The United States has a long history of discouraging or preventing the voter suppression of, among others, black voters, called voter suppression. According to Jamal Watkins, vice president of the black civil rights movement NAACP, this is a modern variant of that phenomenon. According to him, the use of data to discourage voters rather than encourage or convince them is contrary to the notion of a democracy.

A Facebook spokesperson says that much has changed since 2016 and that the Cambridge Analytica scandal could no longer take place today. The spokesperson points out that “voter suppression” is banned by Facebook rules and that the platform has a campaign to inform voters.

President Trump’s campaign team, the Republican Party and the White House had no comment.
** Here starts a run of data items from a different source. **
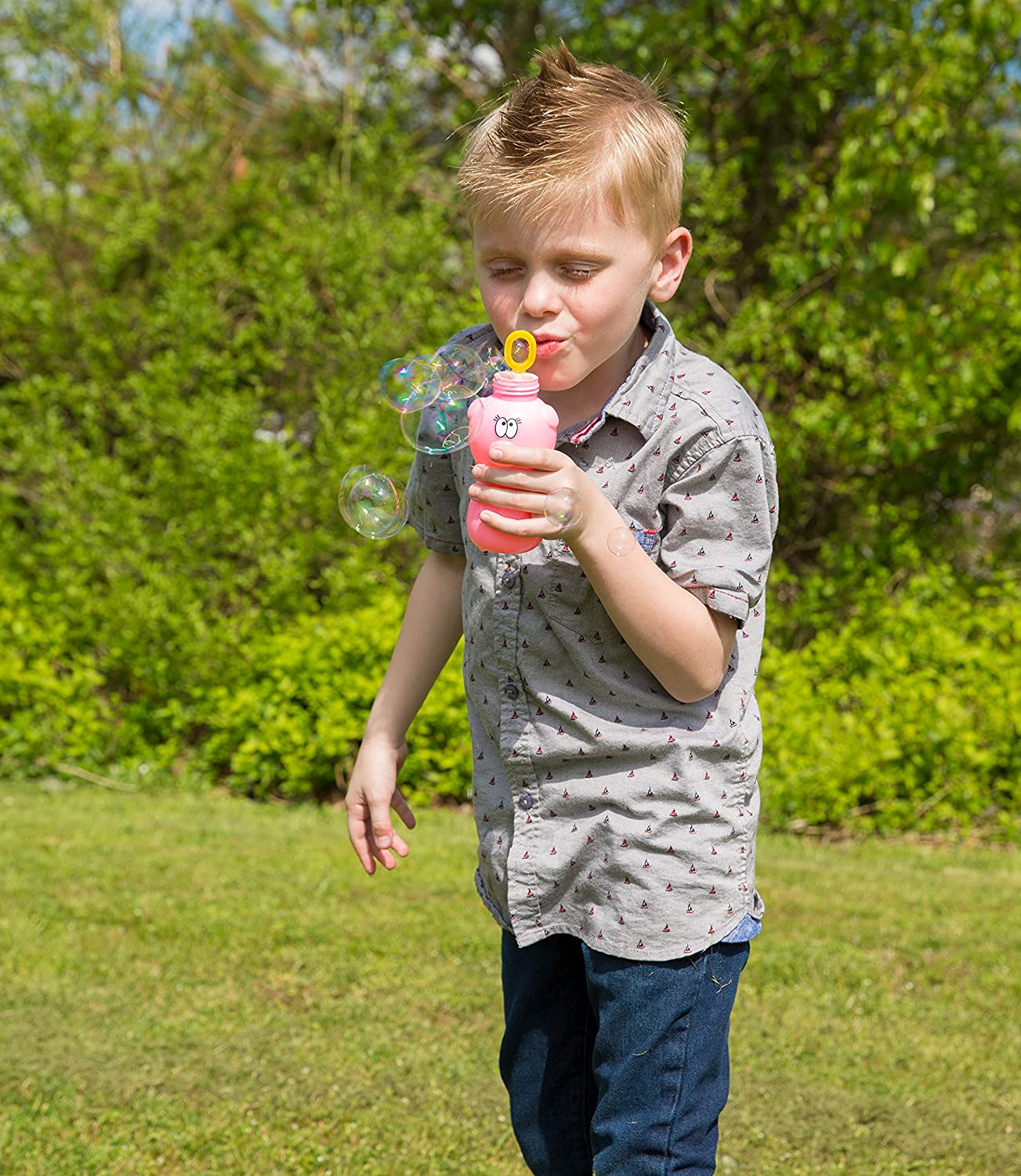 From fun with the kids to weddings, bubbles are a classic pastime that everyone can enjoy. Safe and entertaining kids and adults alike will love Uncle Bubble's products from their incredible solution to their awe-inspiring bubble wands and toys. Bubble takes immense pride in their bubble solution. Designed to resist what the other solutions cannot, they're less likely to pop on their own; because there's nothing worse than going to blow a bubble, and it pops while it's still in the wand. Experience the World of Bubbles with innovative bubble products that expand the imagination. Uncle Bubble products are internationally known as the leading maker of premium grade bubble solution and toys that are fun for everyone interested in bubbles. Uncle Bubble Toys bring consumers many ways of making and playing with bubbles. Imagine making huge bubbles bigger than your entire body, or, blowing bubbles inside other bubbles. We have also developed bubbles that don't pop when you catch them in your hand. Package contains (1) Uncle Bubble Pop Up Bubble Friends Bubble Bottle with Wand. Comes in assorted characters and colors. Recommended for children ages 3 years and older. Do not drink. Avoid eye contact.
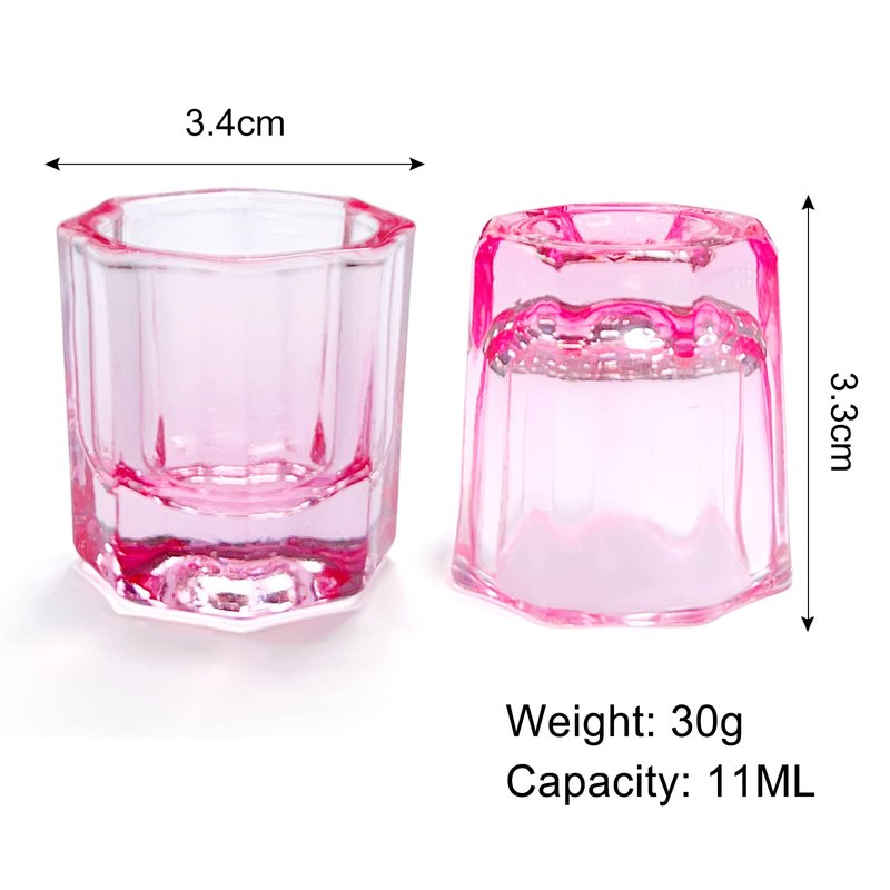 - Net Weight: 30g / 1.05 oz per piece; Capacity: 11 ml - Perfect to Dip Your Brush in, Without Exposing the Handle to Acetone inside. And will not Waste a Lot of Product. They are Glass and very Easy to Use when Using it for Liquids, Such as Nail Polish Remover or the Acrylic Liquid. And Easy to Wipe Clean.
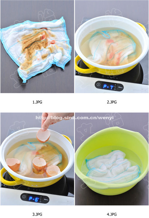 **我们每次打完鸡蛋,蛋壳的内壁上,都会残留一层蛋清,蛋清中的蛋白酶,能让抹布变白变干净,它可起了决定性的作用哦。
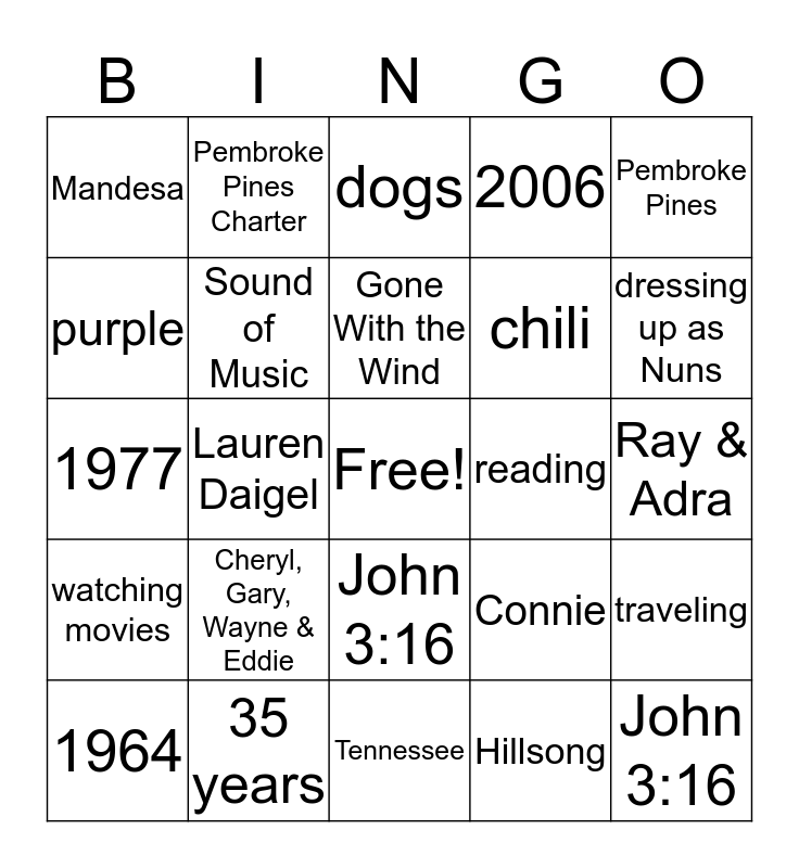 This bingo card has a free space and 27 words: Connie, spaghetti, chili, Tennessee, purple, dogs, Pembroke Pines Charter, watching movies, reading, traveling, 1977, 2006, 1964, 35 years, dressing up as Nuns, The Wizard of Oz, Sound of Music, Gone With the Wind, Cheryl, Gary, Wayne & Eddie, Mandesa, Ray & Adra, Hillsong, Lauren Daigel, John 3:16, John 3:16, Pembroke Pines and 1959.

About the author: Nick Schramm

Nick Schramm is tech savvy with strong engineering education behind. His interest in sciences helps the whole WeeklyNewsReview stuff to keep informed about various topics of the modern technology.

Load More Related Articles
Load More In Politics

Leave a Reply

Your email address will not be published. Required fields are marked *

Check Also

Credit Suisse helping Russian clients evade sanctions, US authorities suggest

The suspicions surrounding Credit Suisse’s alleged involvement in helping Russian cl…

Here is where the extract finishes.